(Task to complete) The line with "湯本小・大里小交流1回目、高学年の交流の姿です。" through the last line of the entries: give these again exactly, and only these, without any pictures.

*** Opening of Task data ***

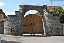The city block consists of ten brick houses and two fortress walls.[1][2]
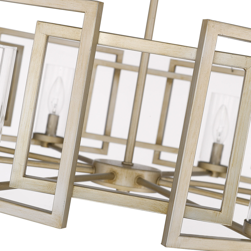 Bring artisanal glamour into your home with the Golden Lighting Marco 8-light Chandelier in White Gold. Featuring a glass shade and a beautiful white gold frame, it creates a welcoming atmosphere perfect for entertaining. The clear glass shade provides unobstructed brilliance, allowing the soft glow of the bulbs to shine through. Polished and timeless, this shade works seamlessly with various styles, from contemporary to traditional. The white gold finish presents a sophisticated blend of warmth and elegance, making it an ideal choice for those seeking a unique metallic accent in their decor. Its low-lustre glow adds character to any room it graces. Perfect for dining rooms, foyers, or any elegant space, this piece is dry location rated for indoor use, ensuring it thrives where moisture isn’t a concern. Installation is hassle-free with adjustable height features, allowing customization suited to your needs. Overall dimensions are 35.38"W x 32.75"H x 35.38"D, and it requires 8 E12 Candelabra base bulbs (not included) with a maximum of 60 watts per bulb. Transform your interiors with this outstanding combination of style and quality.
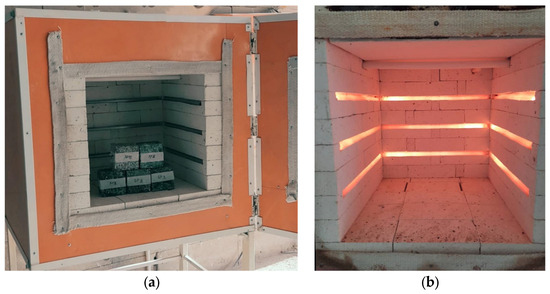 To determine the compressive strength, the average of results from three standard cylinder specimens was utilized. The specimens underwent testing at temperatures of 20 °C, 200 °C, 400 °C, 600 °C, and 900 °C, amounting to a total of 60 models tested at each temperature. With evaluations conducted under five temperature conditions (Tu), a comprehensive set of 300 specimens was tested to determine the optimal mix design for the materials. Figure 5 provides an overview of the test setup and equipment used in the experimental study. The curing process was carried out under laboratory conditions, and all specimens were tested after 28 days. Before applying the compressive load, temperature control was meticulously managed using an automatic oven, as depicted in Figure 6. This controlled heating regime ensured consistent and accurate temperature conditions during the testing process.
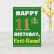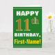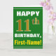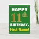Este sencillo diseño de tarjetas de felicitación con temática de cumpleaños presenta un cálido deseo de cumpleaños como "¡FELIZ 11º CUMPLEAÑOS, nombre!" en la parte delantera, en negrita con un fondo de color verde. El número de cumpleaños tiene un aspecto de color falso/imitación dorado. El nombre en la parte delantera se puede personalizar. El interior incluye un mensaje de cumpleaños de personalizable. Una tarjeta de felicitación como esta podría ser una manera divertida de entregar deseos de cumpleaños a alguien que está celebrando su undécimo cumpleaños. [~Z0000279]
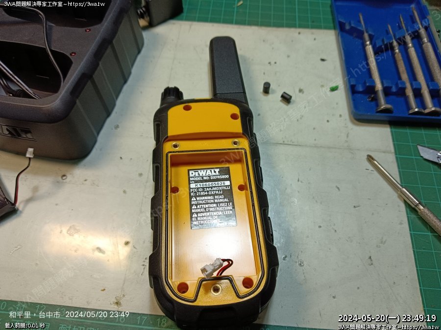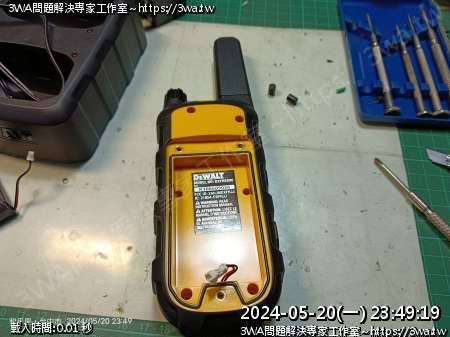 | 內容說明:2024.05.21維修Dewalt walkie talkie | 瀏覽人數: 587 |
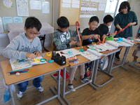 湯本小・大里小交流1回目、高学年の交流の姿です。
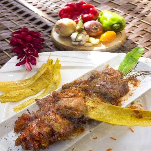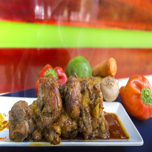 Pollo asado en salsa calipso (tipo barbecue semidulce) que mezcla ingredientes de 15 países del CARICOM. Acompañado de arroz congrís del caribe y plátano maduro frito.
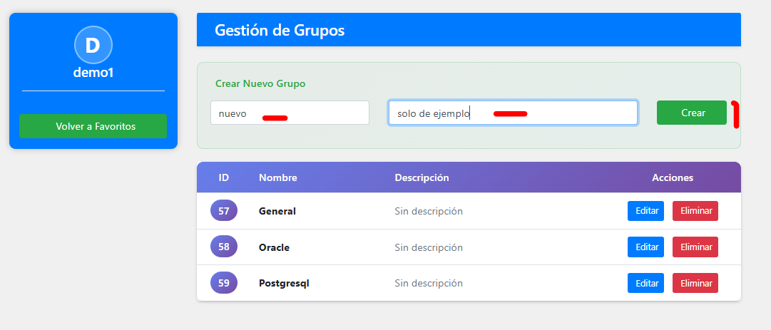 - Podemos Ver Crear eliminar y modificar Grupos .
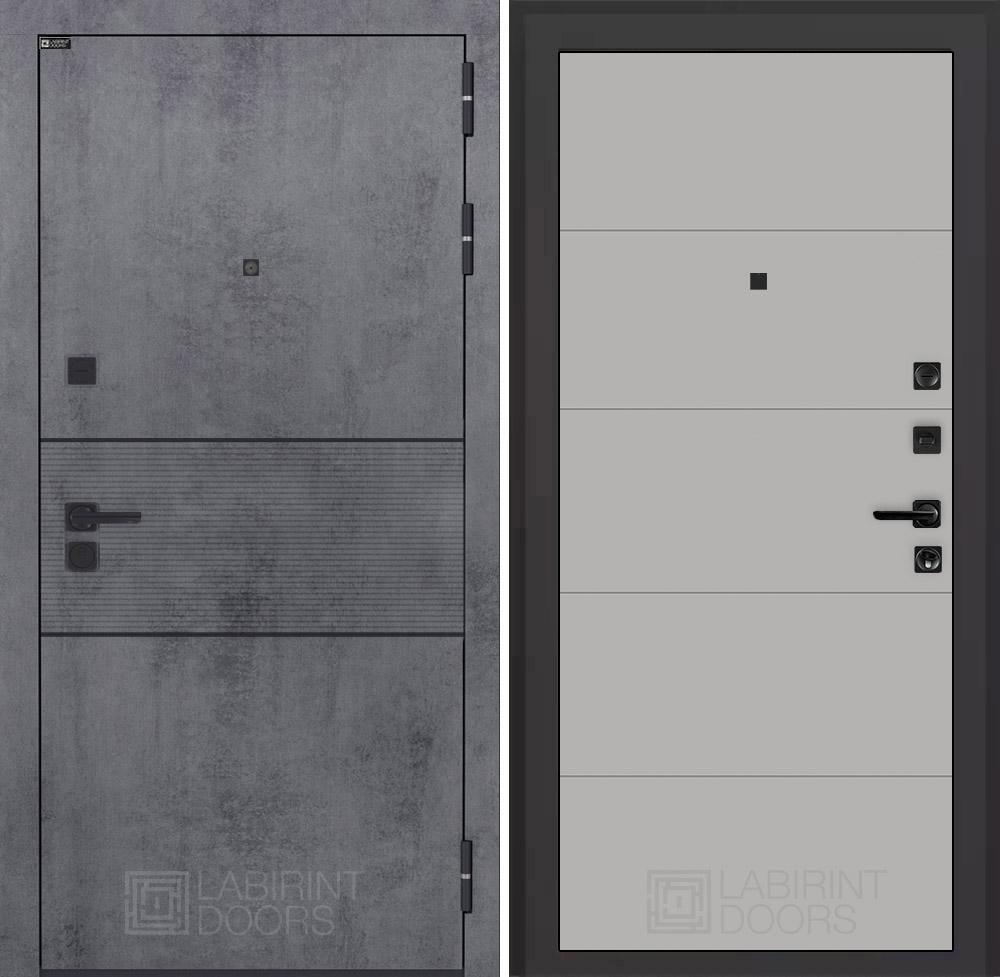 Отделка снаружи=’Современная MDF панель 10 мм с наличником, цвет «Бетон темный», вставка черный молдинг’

*** Close of Task data ***

(Response box)
 湯本小・大里小交流1回目、高学年の交流の姿です。
 Pollo asado en salsa calipso (tipo barbecue semidulce) que mezcla ingredientes de 15 países del CARICOM. Acompañado de arroz congrís del caribe y plátano maduro frito.
 - Podemos Ver Crear eliminar y modificar Grupos .
 Отделка снаружи=’Современная MDF панель 10 мм с наличником, цвет «Бетон темный», вставка черный молдинг’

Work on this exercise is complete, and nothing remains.